(What this task involves):
Starting from the line in which "尝试过自制冰块的用户都知道,制冰看似简单" appears, set down each line exactly through the end of the listing, and nothing else. Leave out pictures.

※

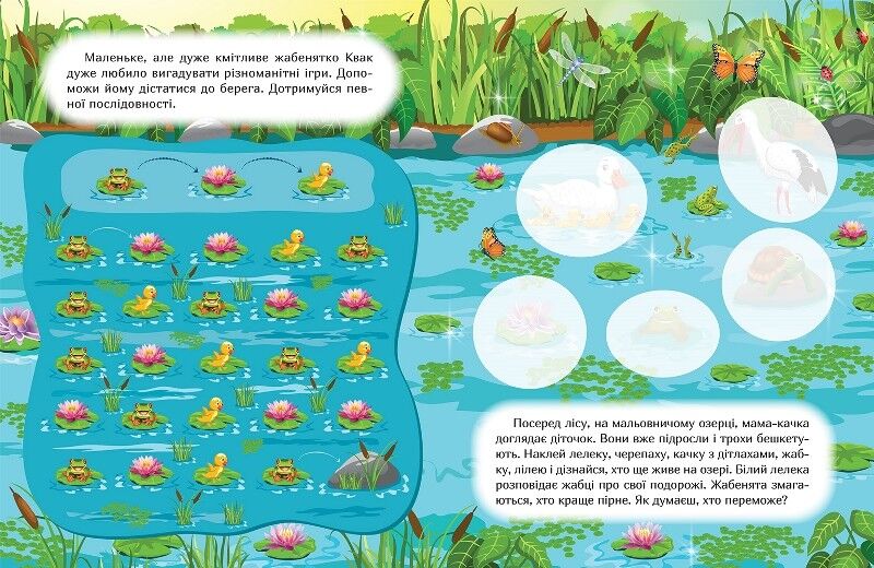 У книзі "Літо в лісі" малюк знайде улюблених тварин, дізнається, що вони роблять у цю пору року, пограється з ними за допомогою наліпок. Також у виданні запропоновані завдання на розвиток уваги та логічного мислення. Особливо цікаво дитині буде спостерігати, як змінюється ліс, за тим, як зростають тваринки протягом усіх чотирьох пір року в книжках серії "Наклей і дізнайся".
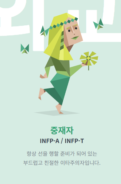 - INFP: 작가, 상담가, NGO 활동가
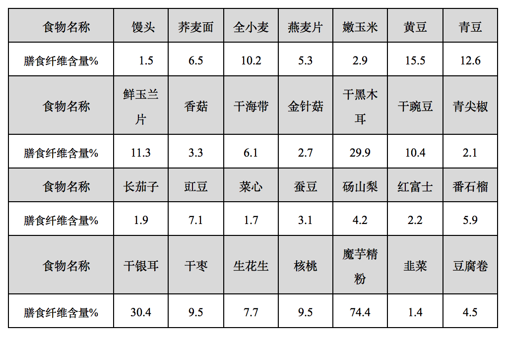 表1中,我们展示小部分膳食纤维相对丰富的食物(数据来源:中国食物成分表2010版)。
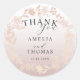 Add a beautiful finishing touch to your wedding favors with this elegant round wedding thank you sticker. Featuring a delicate floral wreath in soft rose gold tones, this design creates a luxurious and romantic feel. The graceful typography and subtle blush gradient background complement the botanical wreath perfectly, making it ideal for sealing favor bags, gift boxes, or envelopes. Personalize with your names and wedding date for a stylish keepsake that thanks your guests for celebrating your special day.
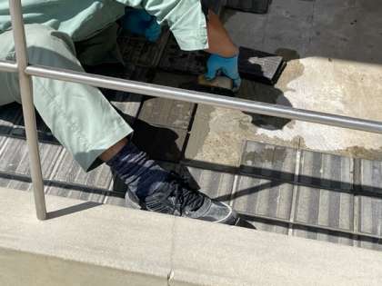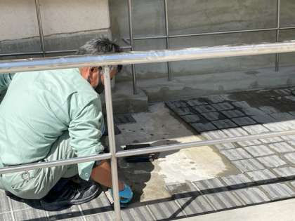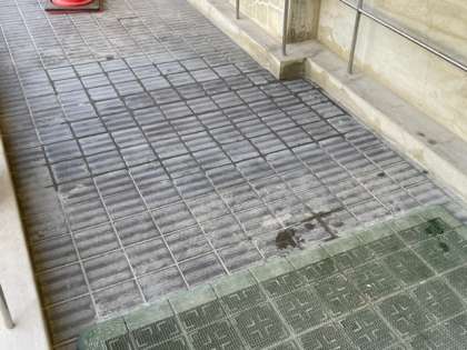新年度を前に、管理作業員さんが1年生の教室前に続くスロープの補修工事をしてくださいました。基礎からはがれて浮いているタイルを外し、1枚ずつ元に戻していく地道な作業ですが、子どもたちの安全には欠かせないものです。
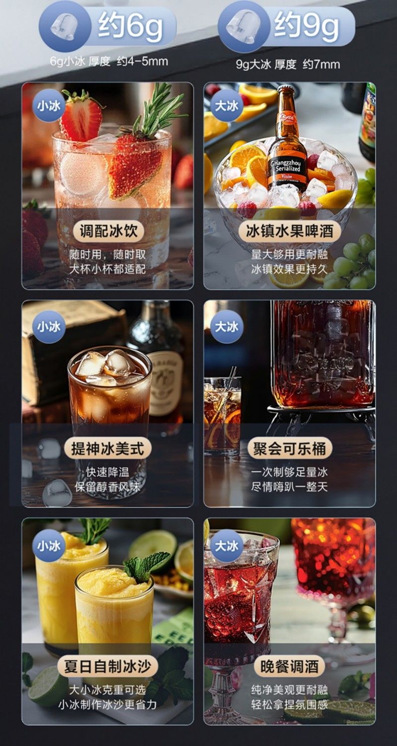 尝试过自制冰块的用户都知道,制冰看似简单,实则很难达到理想的效果。用普通冰盒冻出的冰块总是白蒙蒙的,显得有些浑浊,而制冰机产出的冰块也只是表面看起来饱满透亮,其实很多都是空心的“脆皮”冰,遇水即化,冰饮还没喝几口,口味就被冲淡了。
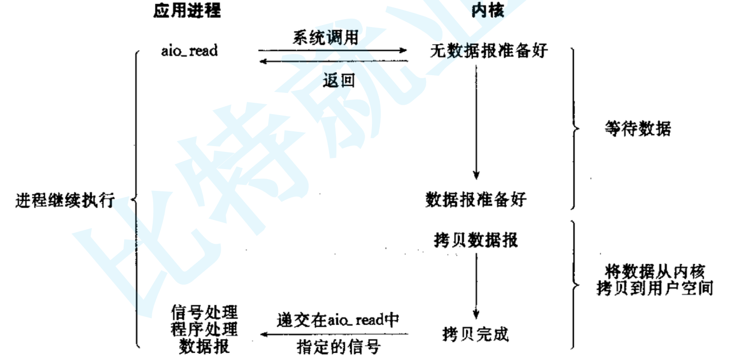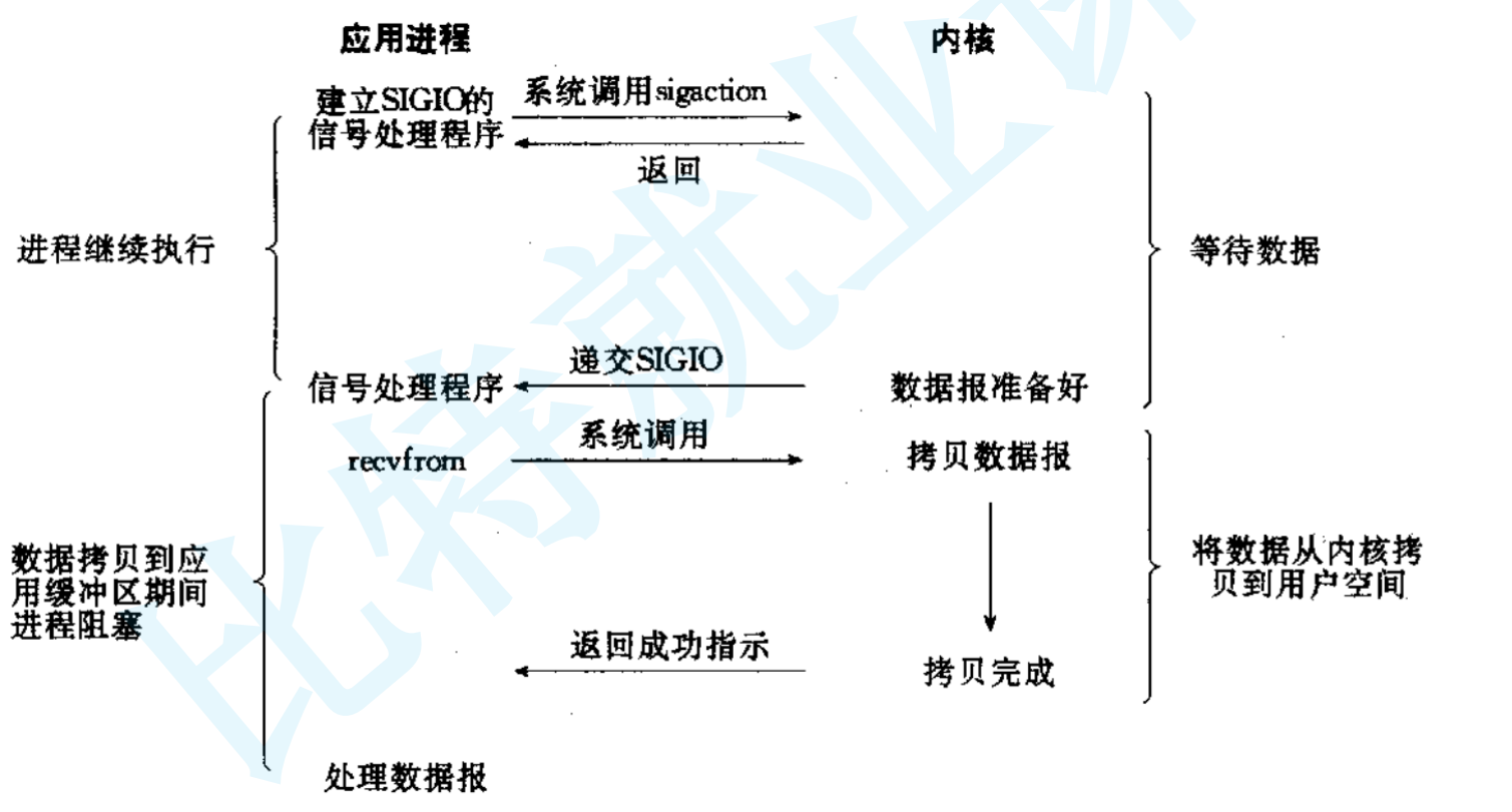 应用程序发起I/O调用后立即返回因此不会阻塞进程(此时SIGIO依旧被特殊处理,信号处理函数被设置)当数据就绪的时候内核会发送SIGIO信号通知应用程序,应用程序在信号处理函数中进行实际的I/O操作。这种I/O模型就像一个人去钓鱼,然后当鱼儿上钩的时候铃铛就会响,这样就提醒钓鱼人去拉鱼竿了。

※

(Result of this task):
 尝试过自制冰块的用户都知道,制冰看似简单,实则很难达到理想的效果。用普通冰盒冻出的冰块总是白蒙蒙的,显得有些浑浊,而制冰机产出的冰块也只是表面看起来饱满透亮,其实很多都是空心的“脆皮”冰,遇水即化,冰饮还没喝几口,口味就被冲淡了。
 应用程序发起I/O调用后立即返回因此不会阻塞进程(此时SIGIO依旧被特殊处理,信号处理函数被设置)当数据就绪的时候内核会发送SIGIO信号通知应用程序,应用程序在信号处理函数中进行实际的I/O操作。这种I/O模型就像一个人去钓鱼,然后当鱼儿上钩的时候铃铛就会响,这样就提醒钓鱼人去拉鱼竿了。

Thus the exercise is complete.